Missing covariates in causal inference matching: Statistical imputation using machine learning and evolutionary search algorithms
Causal interpretation of relationships is complicated by the ‘fundamental problem of causal inference’, a condition in which exogenous confounds are concomitantly uncontrolled for within a single stochastic equation. Rosenbaum and Rubin (1983, 1985) introduced a principled approach to establishing exchangeability across treatment strata, evaluated with Mahalanobis’ distance (Mahalanobis, 1936). However, these approaches to producing causal inference are not unbiased in the presence of missing covariates (Rubin, 1971, 1974, 1976, 1987), necessitating multiple imputation to produce unbiased, but not necessarily accurate, inference.
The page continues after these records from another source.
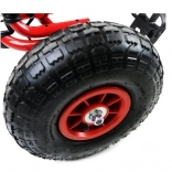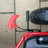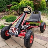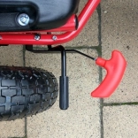 Takket være de oppustelige, brede hjul med markant dækmønster klarer gokarten belægning, græs og parkstier. Håndbremsen, der påvirker begge baghjul, giver tryghed på nedkørsler, mens indkapslet kæde og skridsikre pedaler øger sikkerheden. Overfladebehandling med kvalitetslak beskytter mod ridser og vejr.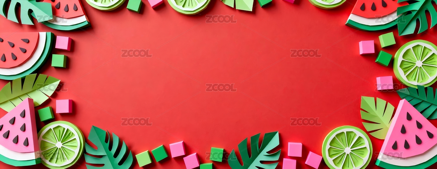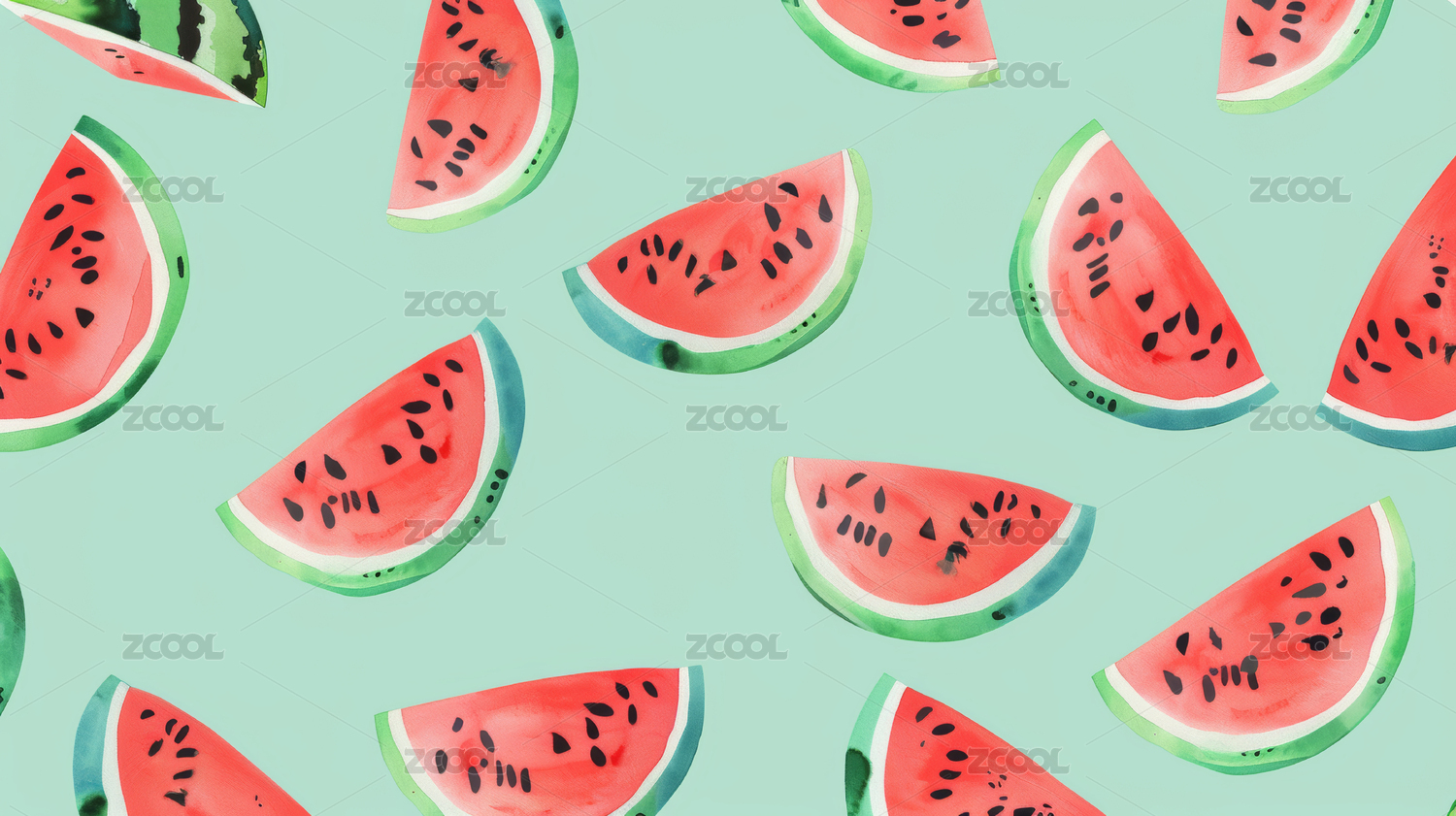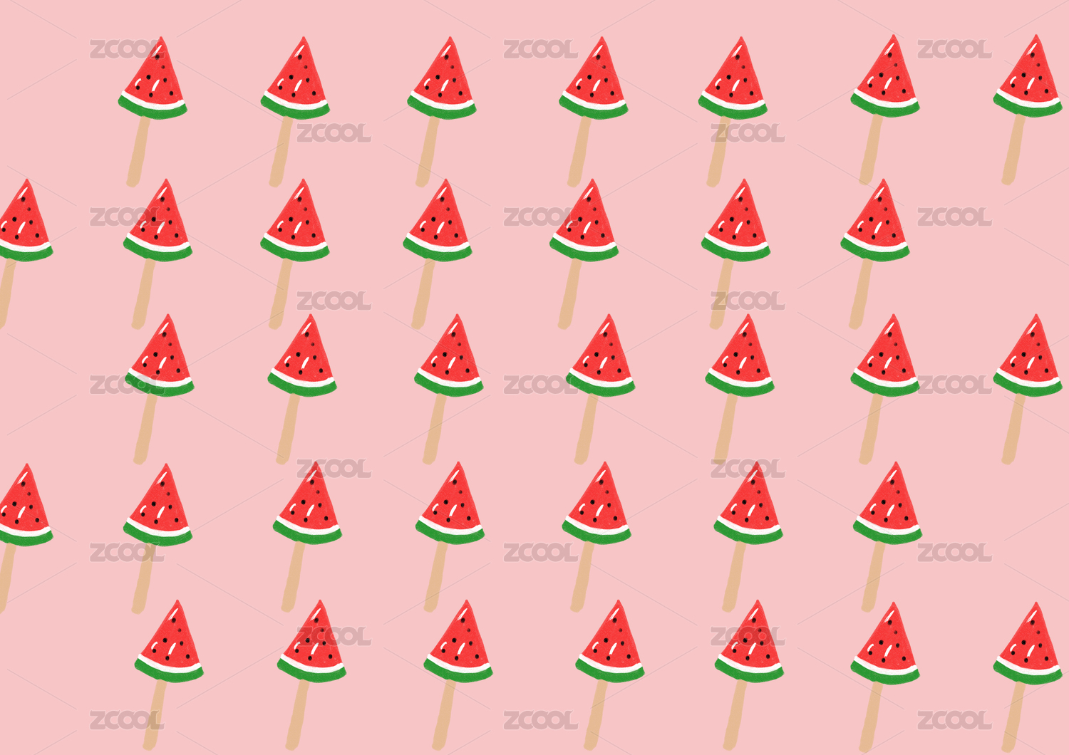 橙色的冰棒和西瓜片在浅蓝色的冰水中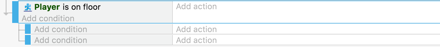 これらのイベント内に条件を追加できるようになりました!最初に、プレーヤーが動いているされているかどうかを確認する条件を追加します。

I review existing literature on missing data, and then conduct sensitivity analyses on the effects of single imputation from a Bayesian machine learning framework with exogenous post- stratification. The results indicate improvements upon traditional techniques, using a two stage methodology: data imputation using random forests to recover unspecified missingness functions, followed by optimal covariate matching on both propensity score and imputed covariates. This removes the biased recovery of missing parameters or treatment selection methods, discarding incomplete observations (complete cases), or unprincipled modelling of treatment assignment by empirical model constraints.
Hurley, Landon, "Missing covariates in causal inference matching: Statistical imputation using machine learning and evolutionary search algorithms" (2017). ETD Collection for Fordham University. AAI10250674.